--- "John G. Rose" <[EMAIL PROTECTED]> wrote:

> > From: Matt Mahoney [mailto:[EMAIL PROTECTED]
> > The simulations can't loop because the simulator needs at least as much
> > memory
> > as the machine being simulated.
> > 
> 
> You're making assumptions when you say that. Outside of a particular
> simulation we don't know the rules. If this universe is simulated the
> simulator's reality could be so drastically and unimaginably different from
> the laws in this universe.
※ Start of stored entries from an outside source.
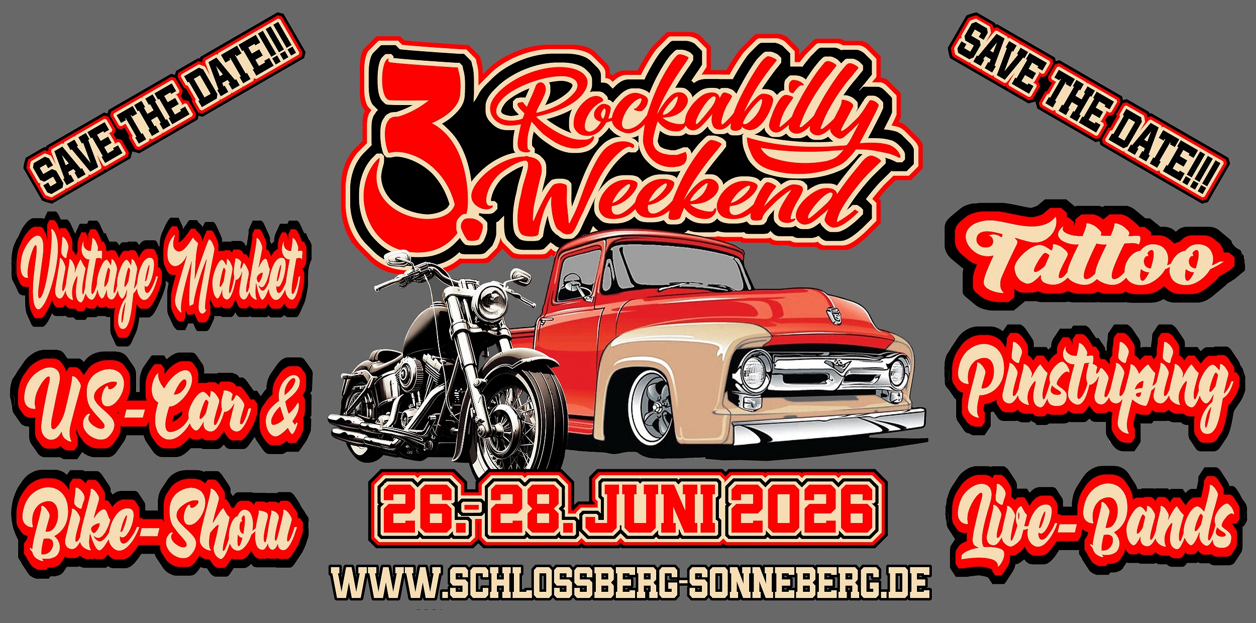 Willkommen zu 3 Tage Rockabilly mit Vintage Market | US-Car & Bike-Show | Pinstriping | Tattoos | Live Music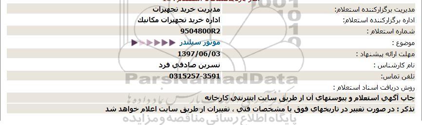 استعلام بها و موضوع استعلام استعلام موتور سیلندر به اطلاع کلیه شرکتها و افراد متخصص واجد شرایط میرساند، آگهی گذار در نظر دارد از طریق استعلام بها، نسبت به انتخاب و دریافت پیشنهادات اقدام نماید. این استعلام با کد آگهی ثبت شده در سامانه خبرگزاری پارس نماد : 1265772 منتشر شده است. مشخصات استعلام : تاریخ شروع استعلام: 1397/05/25 آخرین مهلت ارسال پیشنهاد قیمت : 1397/06/03 و محل اجرای پروژه : استان اصفهان میباشد. استعلام قیمت مورد درخواست : استعلام موتور سیلندر با دستهبندیهای تخصصی و گروه های مرتبط : تجهیزات و ماشین آلات صنعتی, استعلام اطلاع رسانی میگردد.
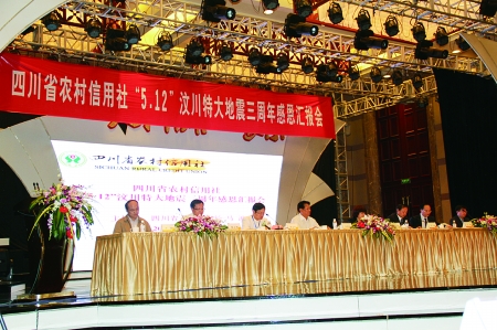 5月24日下午,都江堰,四川省农村信用社“5·12”汶川特大地震三周年感恩汇报会举行。“危难之中见本色。四川省农村合作金融机构体现了高度的社会责任意识和大局观念,为全国农村合作金融机构赢得了形象,树立了品牌,是一笔宝贵的精神财富。”中国银监会合作金融机构监管部主任姜丽明评价道。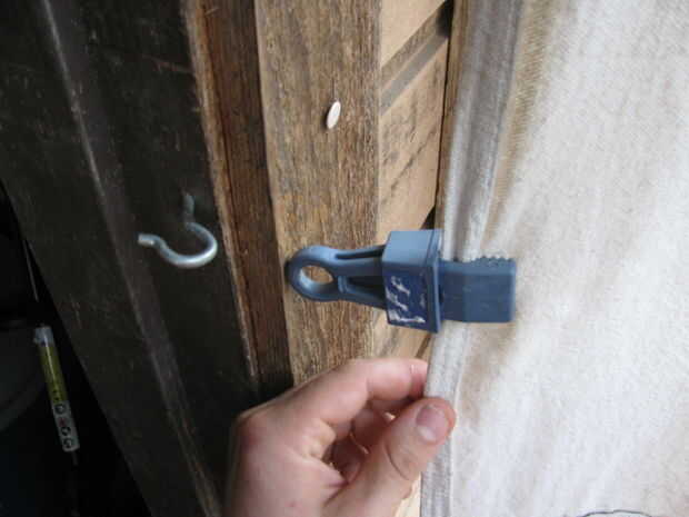 Yo uso los clips azul que se ve en la foto para garantizar la cortina a la casa si es un poco demasiado viento fuera. Normalmente no tiene que preocuparse por esto.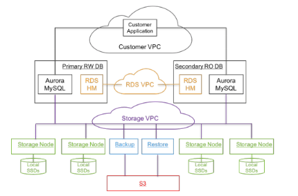 下图是 Amazon Aurora 的实现架构图,它使用了专门的 S3 存储及 RDS 组件,为了方便讲解,我们以 ArkDB 的架构为例讲解这类共享存储的 MySQL 高可用集群的实现方式。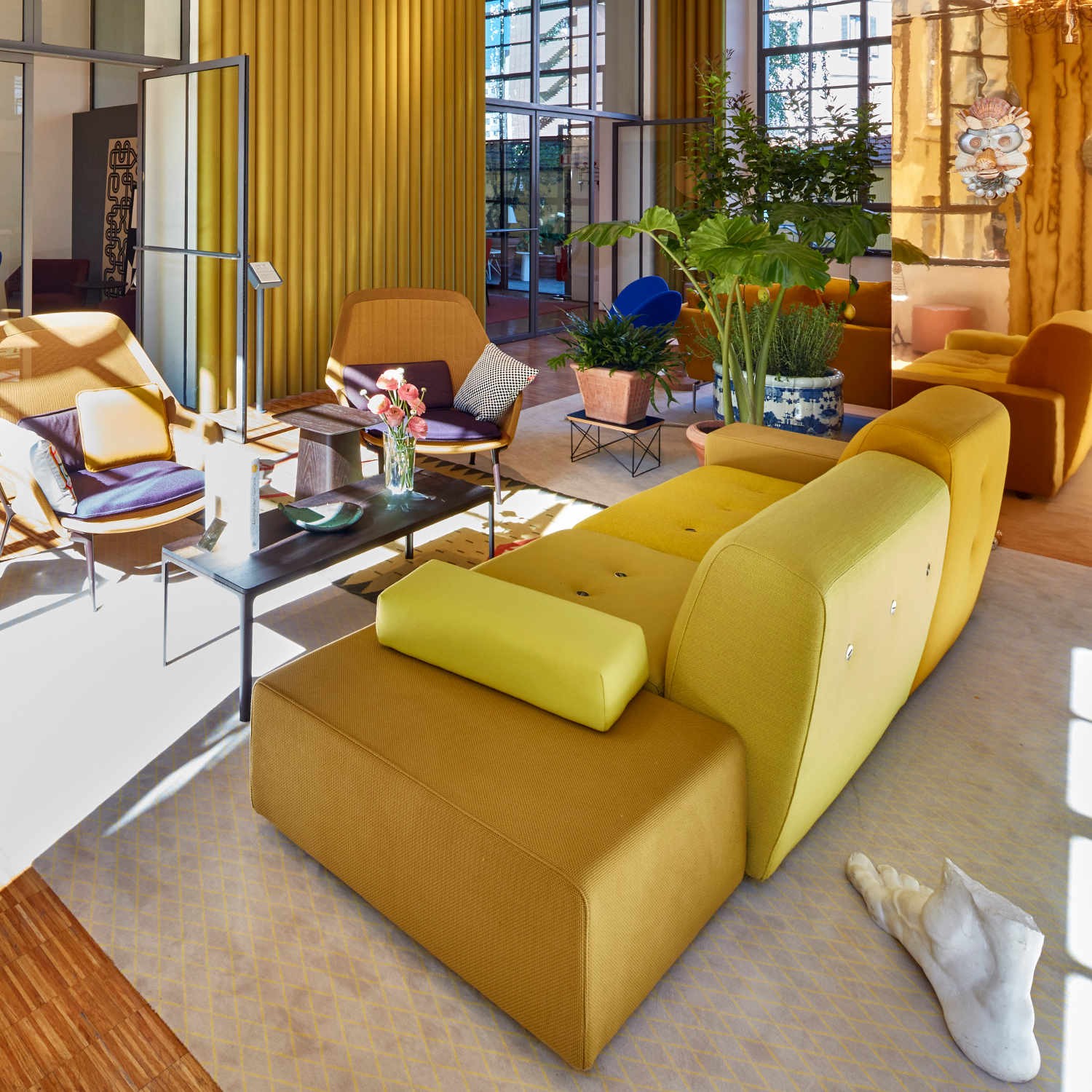 Hella Jongerius的Polder沙发在任何内饰中都创造了一个焦点:它的不对称形状和各种面料和颜色的靠垫赋予它独特的标志性外观。

Also there could be data busses between
> simulations and the simulations could intersect or, a simulation may break
> the constraints of its contained simulation somehow and tunnel out. 

I am assuming finite memory.  For the universe we observe, the Bekenstein
bound of the Hubble radius is 2pi^2 T^2 c^5/hG = 2.91 x 10^122 bits.  (T = age
of the universe = 13.7 billion years, c = speed of light, h = Planck's
constant, G = gravitational constant).  There is not enough material in the
universe to build a larger memory.  However, a universe up the hierarchy might
be simulated by a Turing machine with infinite memory or by a more powerful
machine such as one with real-valued registers.  In that case the restriction
does not apply.  For example, a real-valued function can contain nested copies
of itself infinitely deep.


-- Matt Mahoney, [EMAIL PROTECTED]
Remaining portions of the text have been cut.